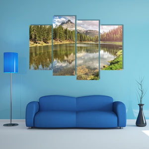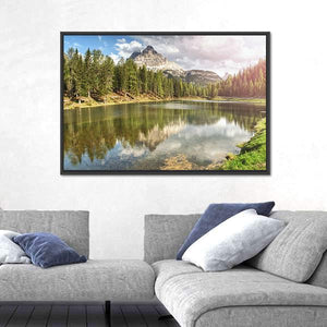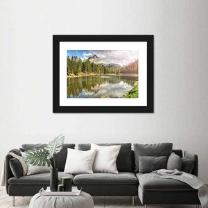A photorealistic view of a blue lake flanked by mountains and forest, with sunlight filtering through clouds and the peaks reflected in the water. Its calm green-and-blue palette creates a peaceful, natural mood that suits modern living rooms, bedrooms, or home offices.
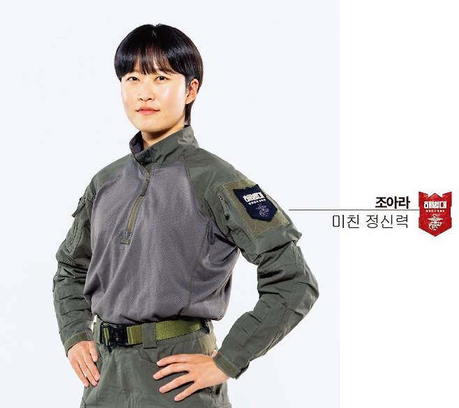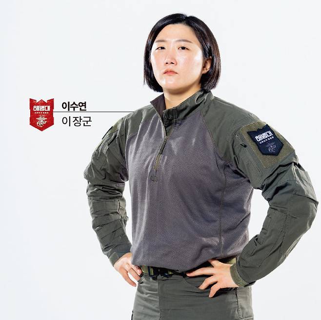 이 | 저는 할아버지가 6·25 참전 용사셔서 어릴 때부터 군인에게 관심이 있었습니다. 운동선수를 은퇴하고 새로운 일을 찾을 때 군인이 돼야겠다고 결심했고요. 할아버지는 육군이셨지만 저는 '소수 정예’라는 말에 끌려서 해병대를 선택하게 됐습니다. 재인 대원님이 명찰에 끌린 것처럼 팔각모와 전투화도 멋있어 보였고요. 장교 후보생으로 무박 훈련할 때는 그 선택을 후회하기도 했는데, 포기하기엔 자존심이 허락하지 않았습니다.
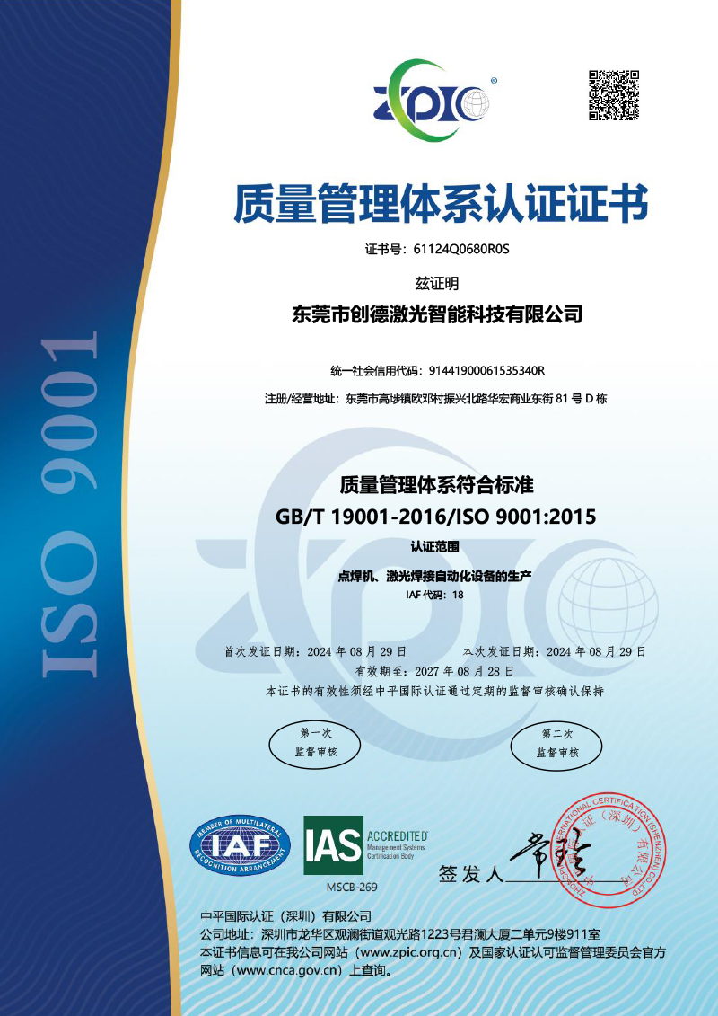 "專業激光精密焊接電阻焊的高新技術企業"東莞市創德激光智能科技有限公司是一家集研發、制造、銷售與技術服務于一體的高新及專精特新企業,專注于新能源鋰電智能裝備制造及電阻焊接和激光焊接解決方案。

_Exercise objective_
Without including any picture, output all the material exactly as it appears.

_Solution to this exercise_
A photorealistic view of a blue lake flanked by mountains and forest, with sunlight filtering through clouds and the peaks reflected in the water. Its calm green-and-blue palette creates a peaceful, natural mood that suits modern living rooms, bedrooms, or home offices.
 이 | 저는 할아버지가 6·25 참전 용사셔서 어릴 때부터 군인에게 관심이 있었습니다. 운동선수를 은퇴하고 새로운 일을 찾을 때 군인이 돼야겠다고 결심했고요. 할아버지는 육군이셨지만 저는 '소수 정예’라는 말에 끌려서 해병대를 선택하게 됐습니다. 재인 대원님이 명찰에 끌린 것처럼 팔각모와 전투화도 멋있어 보였고요. 장교 후보생으로 무박 훈련할 때는 그 선택을 후회하기도 했는데, 포기하기엔 자존심이 허락하지 않았습니다.
 "專業激光精密焊接電阻焊的高新技術企業"東莞市創德激光智能科技有限公司是一家集研發、制造、銷售與技術服務于一體的高新及專精特新企業,專注于新能源鋰電智能裝備制造及電阻焊接和激光焊接解決方案。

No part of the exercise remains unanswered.